L’école hors les murs, on n’y renoncerait pour rien au monde lorsqu’on y a gouté !

Depuis plusieurs années, je me suis investie avec mes collègues dans des ateliers au sein de l’école, en y faisant participer les parents d’élèves, sur des thèmes comme le parcours santé, le développement durable. Parvenir à les maintenir devenait de plus en plus périlleux au vu du contexte sanitaire. Étant devenue entretemps directrice de l’école et donc force de proposition, j’ai invité mes collègues à se lancer dans l’aventure de faire classe dehors. Le numéro des Cahiers pédagogiques de juin 2021, « Apprendre dehors », et son webinaire1 m’ont servi aussi de base pour me renseigner sur le sujet et en faire part à mes collègues.

Je suis convaincue de la pertinence d’une telle démarche, car le confinement a fait beaucoup de dégâts auprès de nos jeunes élèves : enfermement en intérieurs, manque de socialisation. À la rentrée de septembre 2021, nous avons constaté qu’un plus grand nombre d’enfants n’avaient pas encore acquis la propreté.

En échangeant avec mes collègues, je me suis rendu compte que notre posture d’enseignante allait être impactée par « l’école dehors » : nos élèves peuvent avoir plus de liberté en forêt. Le cadre d’exercice d’enseignement est différent. Les enfants peuvent escalader, arpenter la forêt. Le lieu de mouvance du corps n’est pas lisse, aseptisé, comme dans la cour de récréation. Le bâton interdit dans la cour servira de matériau pour construire une cabane et on en trouvera de multiples autres usages en forêt.

Des rubans et des chants

Nous avons choisi en équipe d’entourer de rubans nos zones d’activités dans un premier temps, pour que les enfants aient des repères spatiaux et que les maitresses soient tranquillisées.

Notre arrivée et notre départ de la forêt sont ritualisés par deux chants que les deux classes  chantent ensemble : un chant en français et un autre en allemand, chants que nous avons inventés pour la circonstance.

Voici le compte-rendu que m’ont dicté mes élèves de moyenne section au retour d’un après-midi en forêt, à partir des photos prises.
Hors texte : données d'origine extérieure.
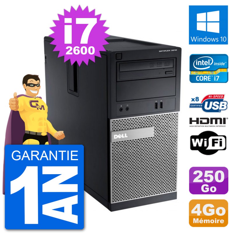 PC Dell OptiPlex 3010 MT - Intel Core i7-2600 3.4 Ghz (8 Mo) - 4 Go DDR3 - Disque Dur 3,5" 250 Go - Graveur DVD - Clef Wifi USB - Windows 10 - Garantie 1 an.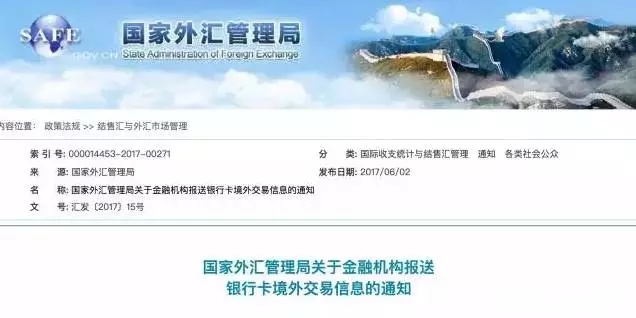 6月2日,外管局官方網(wǎng)站發(fā)布了《國家外匯管理局關(guān)于金融機構(gòu)報送銀行卡境外交易信息的通知》,通知寫道,為加強銀行卡境外交易監(jiān)測管理,維護銀行卡境外交易秩序,外管局決定開展銀行卡境外交易信息采集工作,自2017年9月1日起施行。

J’ai choisi cette activité en raison de la météo : avec des températures basses, faire du feu a permis de nous réchauffer2. Motivation immédiate !

Les enfants racontent : « Vendredi 21 janvier 2022, nous avons dit bonjour à la forêt comme d’habitude. Nous avons fait du feu. Nous avons pris vingt pierres (on les a comptées !) pour faire un rond pour qu’il n’y ait pas du feu partout dans la forêt ! Nous avons fait un petit nid d’écorces sèches pour protéger de l’humidité. Nous avons froissé du papier journal pour faire des boules. Nous avons mis aussi des petits bouts de cagette bien sèche. Nous avons mis des branches de plus en plus grosses et aussi des cœurs d’épi de maïs séchés parce que ça brûle bien ! Nous avons pris des toutes grandes allumettes et nous avons allumé le feu en frottant sur le grattoir de la boîte : nous avons fait du vent avec une petite planche pour que notre feu grandisse !

Nous avons mangé le pain, que nous avons cuit dans notre feu de bois, avec du chocolat.

Nous avons aussi bu de la tisane. C’était délicieux !

Nous avons éteint le feu avec de l’eau pour ne pas le laisser brûler tout seul.

On ne peut faire du feu que quand on est avec un adulte !

C’était super ! »

Objectifs pédagogiques

Dans l’idéal, j’aurais fait faire la pâte à pain en classe avant de partir de manière à travailler le support de la recette de cuisine, trier les ingrédients des ustensiles, etc., mais cela n’a pas été réalisable au vu du protocole sanitaire du moment. Cependant, j’ai pu faire travailler d’autres objectifs pédagogiques comme par exemple :

  • acquérir du vocabulaire, verbaliser ses actions : le récit séquentiel,
  • dénombrer une collection ou pour certains dire la comptine numérique jusqu’à 20,
  • classer du plus petit au plus grand (les bâtons de bois),
  • utiliser des objets considérés comme dangereux et savoir quand on peut le faire,
  • plus généralement, respecter l’environnement, le protéger : découvrir des coins de nature proches de chez soi et savoir y vivre.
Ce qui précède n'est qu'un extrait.